==== AVAILABLE DATA
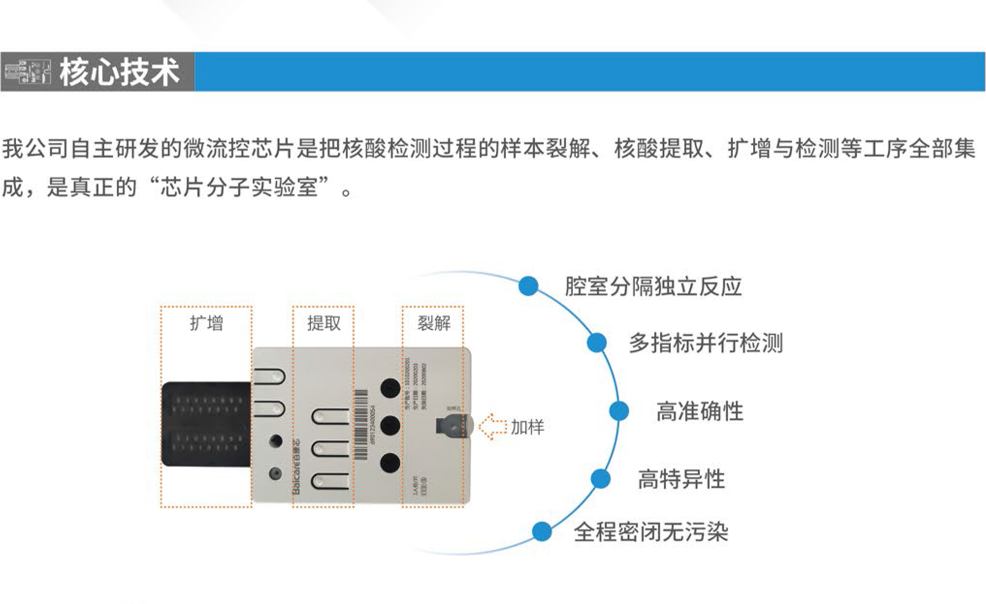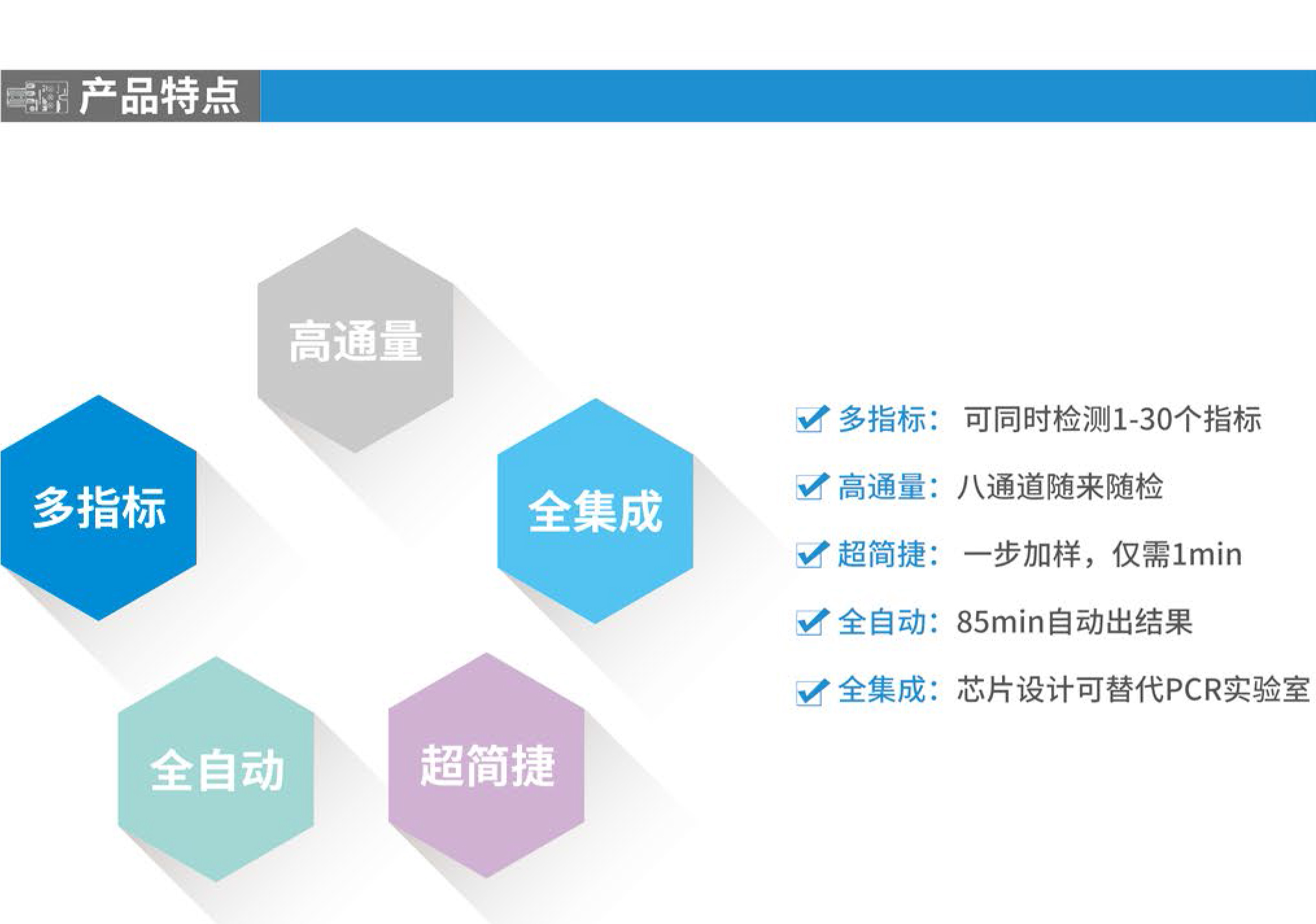 Onestart-1000全集成微流控芯片核酸檢測系統將復雜樣品破碎技術、磁珠核酸提取技術、微流控芯片PCR技術三大技術全集成在一起,可以一次對1-60種常見致病菌及其耐藥分型進行快速檢測(1.5小時內),解決了傳統病原體培養法手工操作繁瑣、周期長、檢出率低等問題,對傳染病檢測、食品安全監控、反恐監測有著重要意義。系統可鏈接物聯網,自動上傳檢測數據,實現樣本的在線監測、分析、預警和溯源。
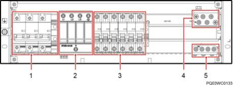 (1)交流输入空开及端子 (2)交流防雷器 (3)交流输出空开 (4)N 接线排 (5)PE 排
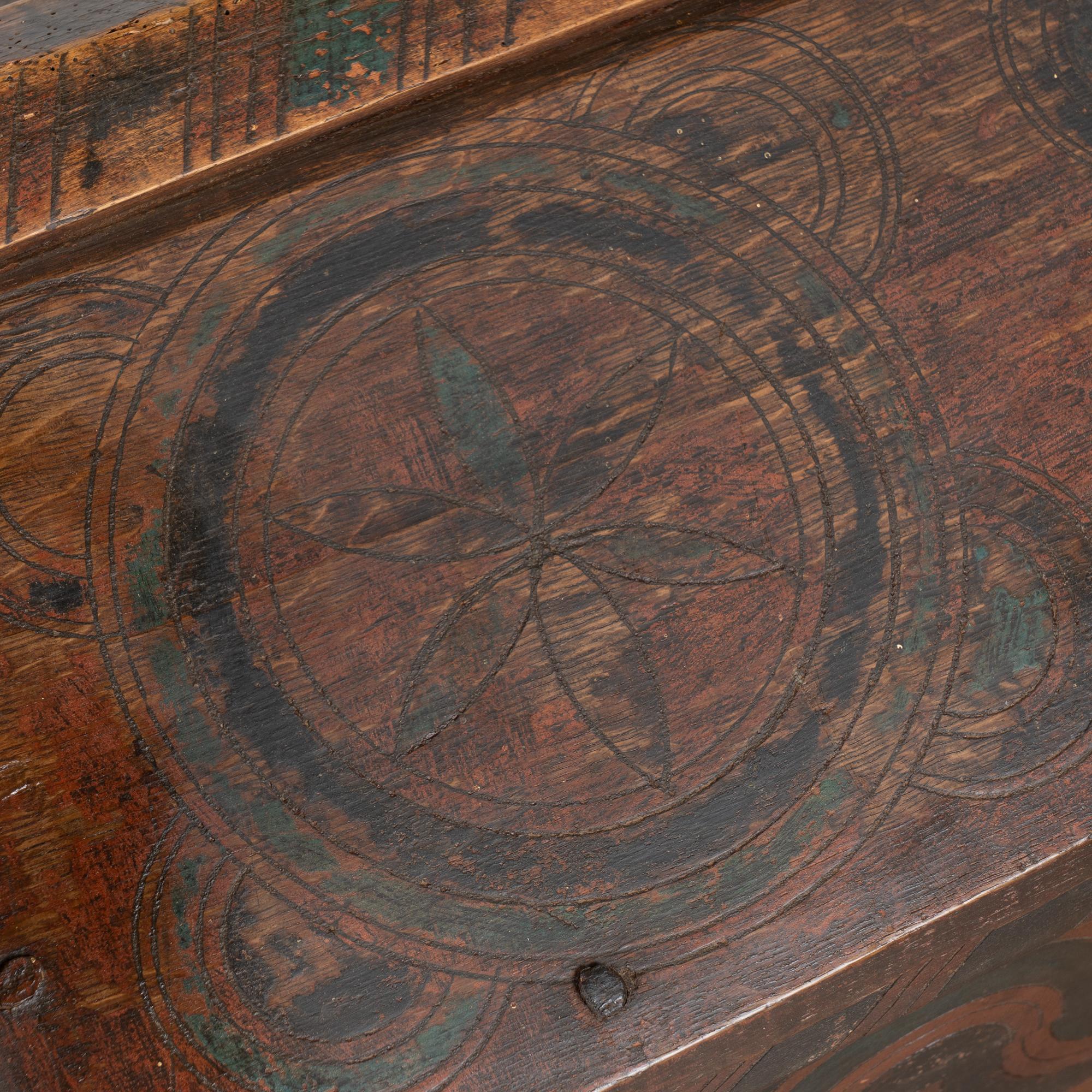 19th century painted and carved rustic Hungarian dome top trunk. Constructed primarily of pine with original painted and carved decoration. The exterior features geometric carving with circular medallion motifs and additional carved elements, with a crisscross lattice carving along the sides. The painted surface presents a brick-toned reddish background with remaining traces of teal blue and dark green. The domed top form is traditional to Eastern European examples. A wrought iron latch allowed the trunk to be locked for security. The trunk stands on legs showing surface wear, scratches, cracks and old, dried wormhole activity. The back is marked with monogram "K I” and dated 1903. The interior has been cleaned and waxed; old repair evident in top. The piece has been restored and is structurally strong, stable, and ready for use.
========
ACTIVITY:
The lines above must be transcribed exactly, with every picture left out.

SOLUTION TO THE EXERCISE:
 Onestart-1000全集成微流控芯片核酸檢測系統將復雜樣品破碎技術、磁珠核酸提取技術、微流控芯片PCR技術三大技術全集成在一起,可以一次對1-60種常見致病菌及其耐藥分型進行快速檢測(1.5小時內),解決了傳統病原體培養法手工操作繁瑣、周期長、檢出率低等問題,對傳染病檢測、食品安全監控、反恐監測有著重要意義。系統可鏈接物聯網,自動上傳檢測數據,實現樣本的在線監測、分析、預警和溯源。
 (1)交流输入空开及端子 (2)交流防雷器 (3)交流输出空开 (4)N 接线排 (5)PE 排
 19th century painted and carved rustic Hungarian dome top trunk. Constructed primarily of pine with original painted and carved decoration. The exterior features geometric carving with circular medallion motifs and additional carved elements, with a crisscross lattice carving along the sides. The painted surface presents a brick-toned reddish background with remaining traces of teal blue and dark green. The domed top form is traditional to Eastern European examples. A wrought iron latch allowed the trunk to be locked for security. The trunk stands on legs showing surface wear, scratches, cracks and old, dried wormhole activity. The back is marked with monogram "K I” and dated 1903. The interior has been cleaned and waxed; old repair evident in top. The piece has been restored and is structurally strong, stable, and ready for use.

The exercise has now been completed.